During the operation, as much of the lower jaw as possible was shaved away. Removing any more bone would have required additional reconstructive plastic surgery.

If these concerns prove to be true and cancer cells are indeed still present in my jaw, further major surgery would be necessary. Part of my lower jaw would then have to be removed and reconstructed using a section of my shinbone.

Further tissue samples are expected to provide certainty.

Immunotherapy

As an additional safety measure to destroy any cancer cells that might still have remained in my body and to reduce the risk of the cancer returning, I underwent immunotherapy after my surgery.

This is a relatively modern form of treatment in which regular infusions are used to train the body's own immune system to recognise and attack cancer cells.

The treatment plan consisted of one infusion every three weeks, for a total of 15 treatments.

Again?!

Approximately ten weeks after my operation, I received the diagnosis I had almost been expecting: the cancer had returned—this time in my throat, and shortly afterwards also in my jaw and gums.

New tissue samples were taken, and the tumour board at the Carl Gustav Carus University Hospital explained that I once again had two options.

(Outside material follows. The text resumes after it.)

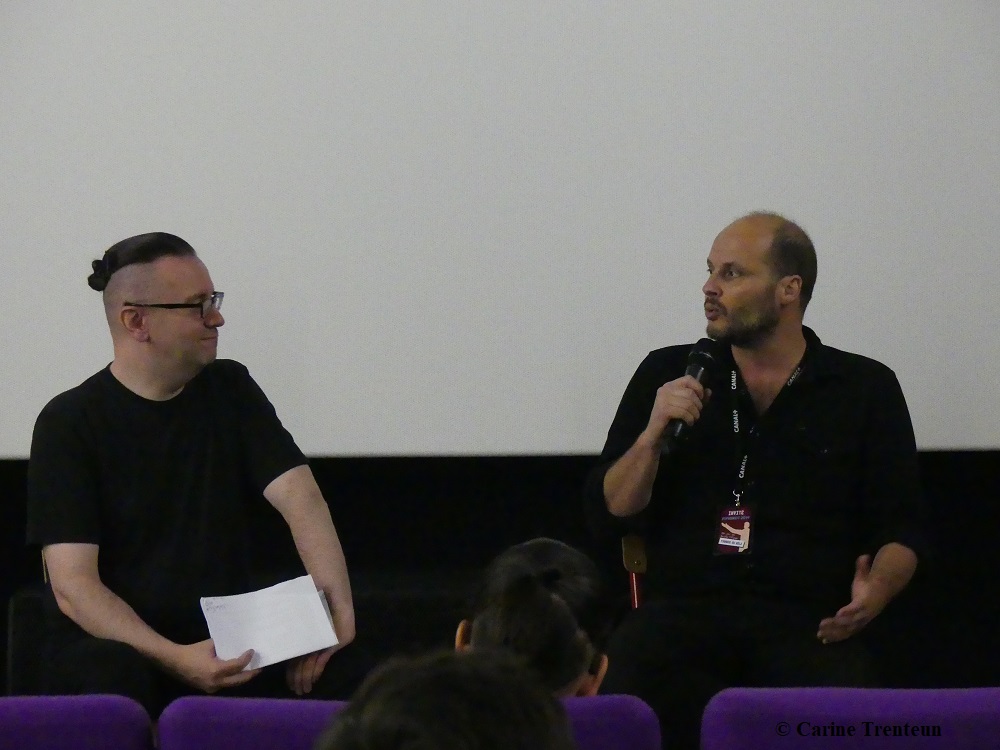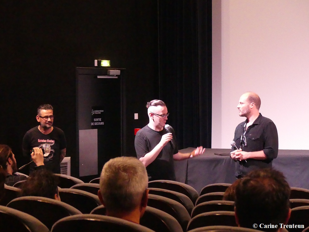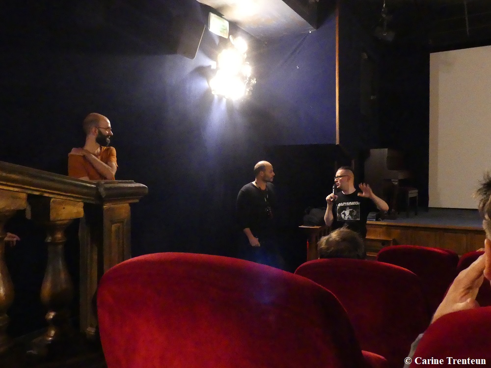 Et puis cette édition a permis de très belles rencontres, de très belles reprises et d’avant-premières ! Retour en photos ci-dessous avec le généreux marathonien Fabrice Du Welz, Sébastien Marnier, les Zombie Zombie, Maxounet, Jérémie de l’American Cosmograph, Benoît Forgeard et Jocelyn Manchec (le papa du Fanzine ABORDAGES), Gérard Courant et Professeur Thibaut de la Cinémathèque de Toulouse, Guillaume Banniard et Pauline Quinonero de L’Infini détail, Nathan Fischer (de Stray Dogs) et Johannes Nyholm et Marie-Stéphan Guey de l’ABC, l’équipe super nombreuse de Music Hole qui est restée dans le fond de la salle quand le film a gagné l’Amphore du peuple, pour applaudir les réalisateur et Wim Willaert (je trouve ça très classe !), Noël gloup-gloup Godin, Benoît Delépine, un demi-Jiho, Luc Weismuller et Jean Dujardin :

The first option was another, even more complex operation. Because of my trismus, all of my teeth would first have to be removed, and my lower jaw would have to be split at the chin to gain access to the tumour.

However, this operation offered no guarantee of success and would most likely never heal completely. For that reason, my doctors advised me against it.

The second option was another course of chemotherapy.

However, the doctors and specialists on the tumour board made it very clear that, at this stage, curing the cancer was virtually impossible.

From this point on, every treatment would be purely palliative, with the sole aim of slowing the cancer's growth and, hopefully, shrinking the tumours for at least some time.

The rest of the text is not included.